Finally, the Commission also seeks comment on whether it should require a financial institution to establish "reasonable procedures to establish that information is, in fact, available from public sources before [treating it] as 'publicly available information.'" We do not believe that such an additional requirement is warranted. Financial institutions of all types have a strong incentive to establish appropriate compliance procedures. An agency's assertion that a financial institution's procedures are inadequate, with no evidence of any information sharing violations, should not be an independent basis for an enforcement action.

Responsibilities of Secondary Market Participants with No Direct Relationship with the Customer

In enacting the GLBA, Congress recognized that the activities of secondary market participants generally do not raise personal privacy concerns. The GLBA exempts from the disclosure and opt-out provisions any "disclosure of nonpublic personal information…in connection with…a proposed or actual securitization, secondary market sale (including sales of servicing rights), or similar transaction related to a transaction of the consumer." GLBA § 502(e)(1)(C). This exemption would be unduly narrowed or rendered meaningless if a secondary market participant were considered to have established a customer relationship as soon as it acquired ownership of a loan. In addition to the specific exemption for secondary market activities, the more general exception for disclosures "as necessary to effect, administer, or enforce a transaction requested or authorized by the consumer" would also apply to most, if not all, disclosures of information to a secondary market investor. See GLBA § 502(e)(1)(C). The Commission should clarify that secondary market participants, who do not service the loans, generally do not establish a customer relationship with the consumer.

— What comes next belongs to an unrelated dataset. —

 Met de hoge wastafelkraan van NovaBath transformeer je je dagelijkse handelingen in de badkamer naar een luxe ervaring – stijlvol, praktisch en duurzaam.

The Commission should more explicitly recognize the distinction between a secondary market participant and a financial institution that has a direct relationship with the borrower, by generally treating the borrower as a "consumer," not a "customer" of a passive secondary market participant under the regulation. If the secondary market participant either (1) markets financial products or services directly to the consumer, or (2) shares nonpublic information with an unaffiliated third party (where an exception does not apply), then the borrower becomes a "customer" who is entitled to disclosures and the opt-out right. As noted, under the definition of "consumer," a financial institution need not provide initial disclosures or an opt-out right unless it shares nonpublic information with an unaffiliated third party, and an exception does not apply. Under Countrywide's proposal, consumers would be fully protected because the secondary market participant would have to treat them as customers - providing disclosures and an opt-out right - before or at the time it marketed to them or shared any of their information with nonaffiliated third parties.

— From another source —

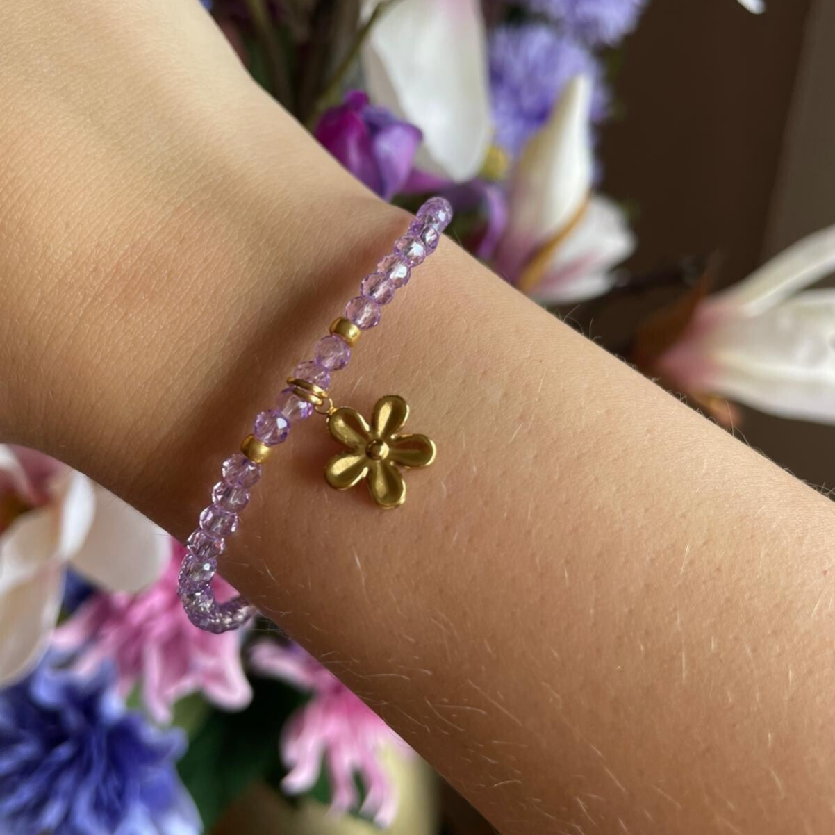Hoe leuk is deze paarse elastieken kralenarmband! Dankzij het elastiek past hij altijd en is hij super comfortabel om te dragen. Je kunt kiezen uit een bloem- of hartjesbedel, waardoor hij helemaal bij jouw stijl past.

Issues Involving Loan Servicers

Sub-servicing Arrangements

The Commission should recognize that there are sub-servicing arrangements in which the loan is actually serviced by one or more entities other than the owner of the servicing rights. In addressing the responsibilities of servicers, the Privacy Rule consistently refers to the transfer or retention of "servicing rights." The regulation states that:

"An individual who makes payment to you [the financial institution] on a loan where you own the servicing rights is a consumer. An individual is not your consumer, however, solely because you service the individual's loan on behalf of a financial institution that made the loan to the individual."

Proposed 15 C.F.R. § 313.3(e)(2)(v), 65 Fed. Reg. at 11191. For example, assume that a loan is owned by a securitization trust. Acme Mortgage owns the servicing rights but Countrywide performs the actual servicing functions as sub-servicer. The borrower makes payments to the order of Countrywide and calls Countrywide's "800" number with questions about the loan. All of the borrower's contact is with Countrywide. Unless Acme enters into another customer relationship with the borrower, there is no reason for Acme to provide its privacy policy and an opt-out right. Only Countrywide should do so.

From the consumer's point of view, a sub-servicing arrangement is often indistinguishable from the situation in which the servicing rights are transferred. In situations where the loan is serviced by the owner of the servicing rights, the consumer often has no direct contact with the owner of the loan and has no interest in being notified of a change of ownership. Similarly, in sub-servicing arrangements, the consumer typically has no direct contact with the owner of the servicing rights. Servicing rights are, in essence, a financial instrument that represents an interest-only strip-off of the mortgage loan.

At the same time, many servicers outsource some or all of their responsibilities but retain the value of their brand name by using a "private label" servicer. In the example above, assume that the borrower makes payments to the order of Acme Mortgage and calls Acme's "800" number, but Acme has outsourced the performance of these functions to Countrywide. As far as the borrower is concerned, all contact is with Acme. Unless Countrywide enters into a customer relationship with the borrower that is separate from its outsourcing arrangements or discloses nonpublic personal information to an unaffiliated third party, there is no reason for Countrywide to provide its privacy policy.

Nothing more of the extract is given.